TASK DETAILS>
Give every line of the material back exactly, images removed.

MATERIAL PROVIDED>
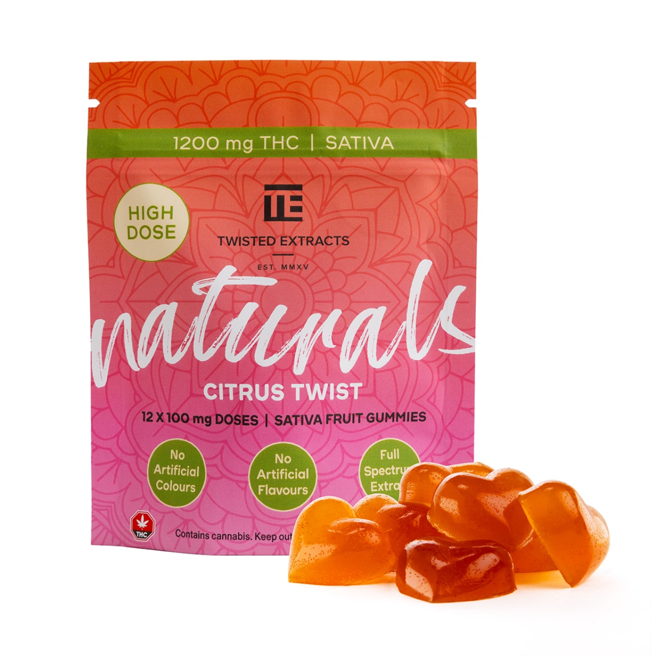 Each package of Twisted Naturals contains 12 x 100 mg gummies.
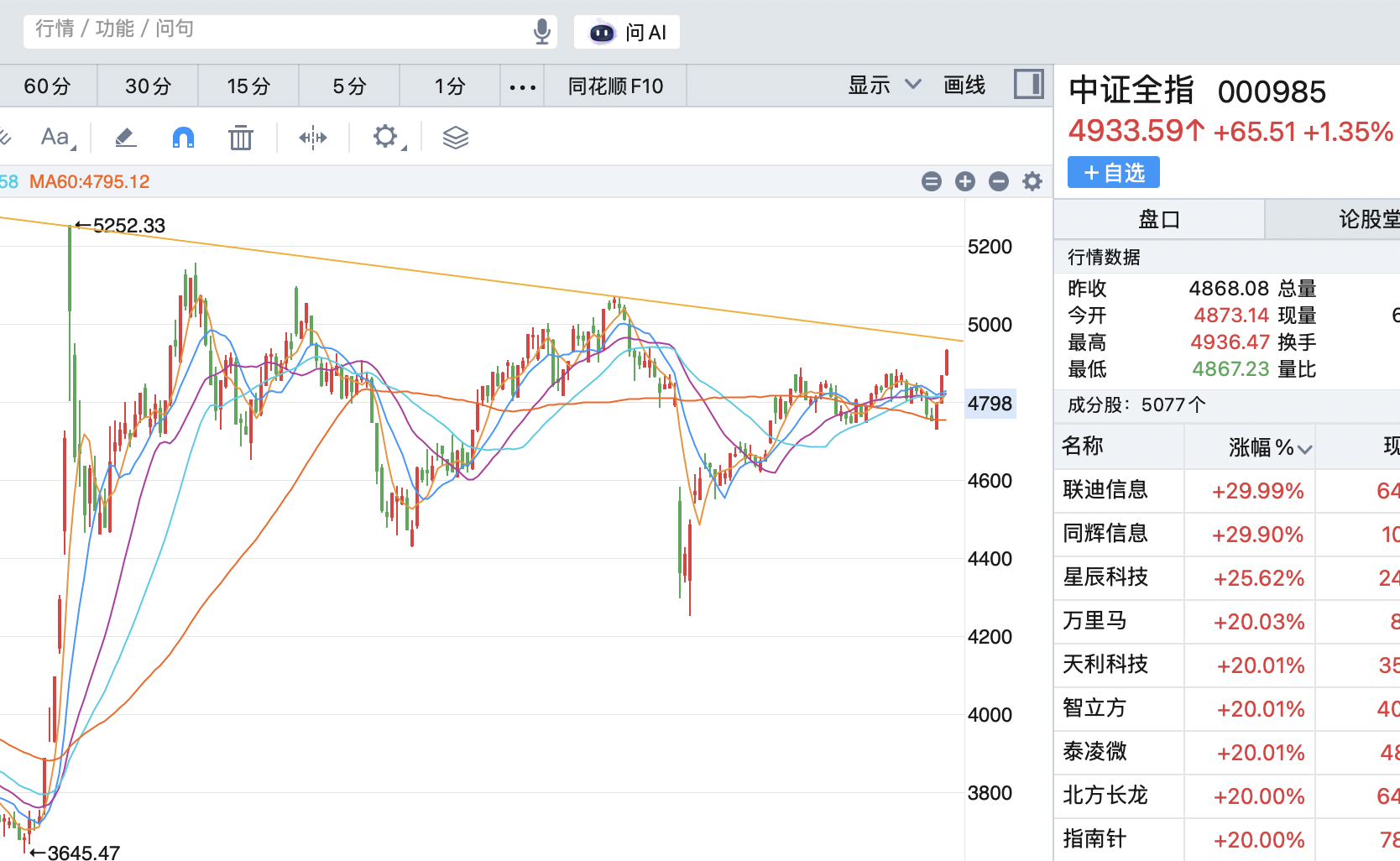 从技术面上看,昨天上证刚突破反压线,今天中证全指也顶上来了,距离突破一步之遥。如果明天还能放量突破,那就继续嗨,否则就大概率要回调一波,等三四季度再重新上冲。反正我的预期是今年上证指数涨幅超过10%。
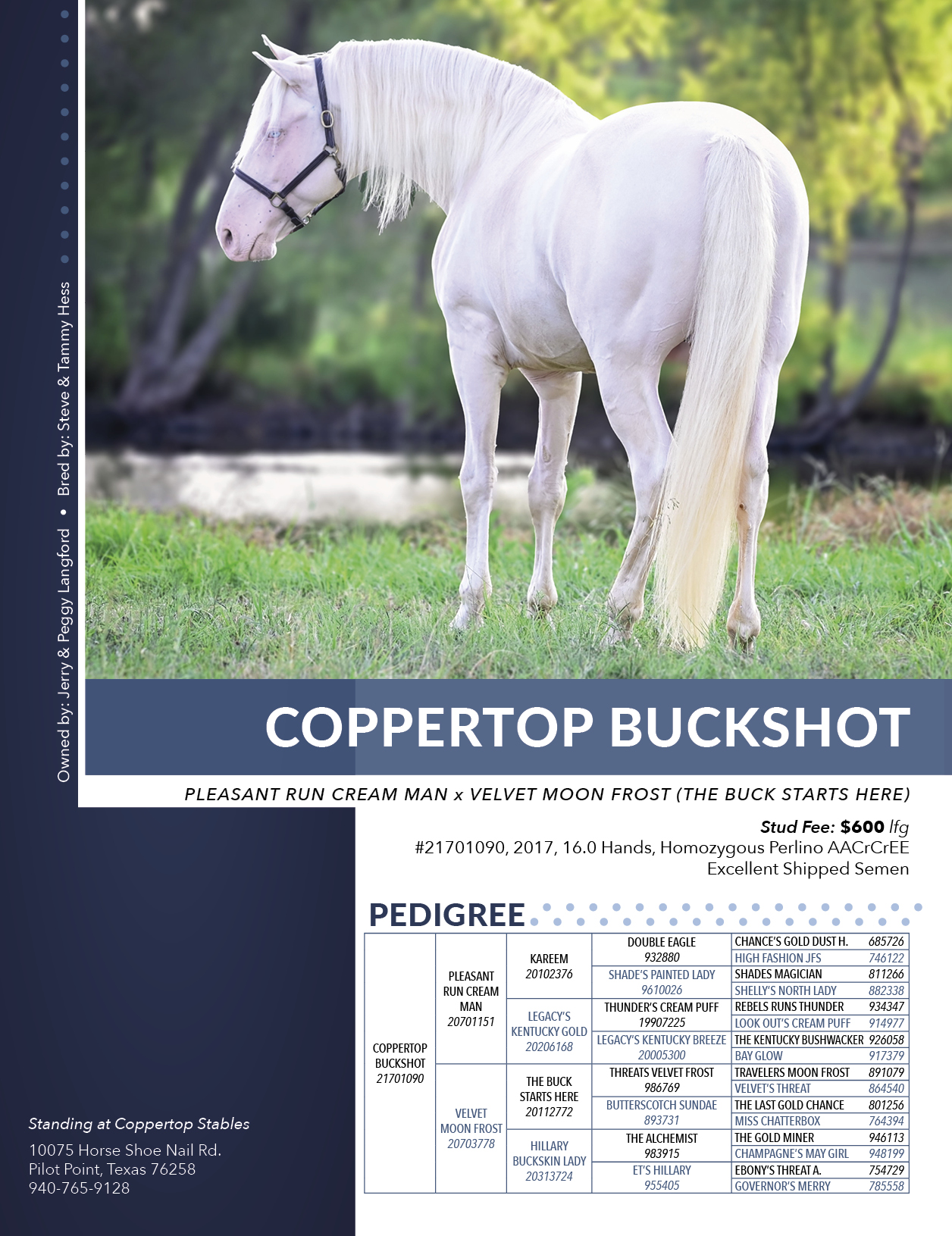Jerry & Peggy Langford. Standing at Coppertop Stables;10075 Horse Shoe Nail Rd., Pilot Point, Texas 76258; 940-765-9128

EXERCISE SOLUTION>
 Each package of Twisted Naturals contains 12 x 100 mg gummies.
 从技术面上看,昨天上证刚突破反压线,今天中证全指也顶上来了,距离突破一步之遥。如果明天还能放量突破,那就继续嗨,否则就大概率要回调一波,等三四季度再重新上冲。反正我的预期是今年上证指数涨幅超过10%。
Jerry & Peggy Langford. Standing at Coppertop Stables;10075 Horse Shoe Nail Rd., Pilot Point, Texas 76258; 940-765-9128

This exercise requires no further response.